In the past year, companies like Coca-Cola Co., Reuters and Wells Fargo & Co. have generated headlines for opening and closing campaigns, bureaus and offices in this popular virtual world.
When PPH hired Orlando Portale as its chief technology and innovation officer in May, he arrived armed with plans to put the hospital system, which serves North County, into the middle of Second Life.
Within six months, PPH had brokered a deal with IT networking giant Cisco Systems Inc. to launch Palomar Medical Center West, a virtual form of facility located on a 900-square-meter island.
The hospital plans were taken directly from blueprints supplied by CO Architects, the Los Angeles-based firm that designed Palomar West.

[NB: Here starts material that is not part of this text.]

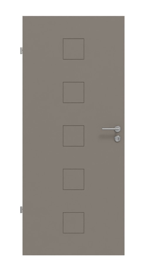 Dzięki wyfrezowanym fugom na skrzydle drzwiowym widocznych jest pięć małych kwadratów. Dzięki wysokiej jakości lakierowi w kolorze szarobrązowym uzyskano proste i gustowne wykończenie wizualne, które pasuje do każdego stylu wnętrza.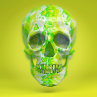 a human skull. It is decorated with a bright green, splash-like pattern that covers the entire skull except for the teeth and the nasal passage. This

It’s the first time a hospital has participated in Second Life, an achievement that Portale believes will put PPH in the top 2 percent of hospitals nationwide.
Hospital visitors — or rather their avatars, who serve as virtual personas in Second Life — can tour the site, try out patient beds and test technology that industry professionals believe will be created in the future.
“It’s very innovative, very groundbreaking,” Portale said. “I have a vision where health care is going.”
For example, the operating room offers a glassed-off “cockpit” where surgeons sit and guide robotic arms through surgeries.
Second Life and Business
Linden Research Inc., a San Francisco-based private company, launched Second Life in June 2003.
More than 12 million users have registered as residents, including 1 million who logged on last month.
Though free, basic membership limits a resident to most of what makes Second Life so appealing. However, the purchase of apparel, cars, homes and even hairstyles comes at a price, which must be paid for in Linden dollars.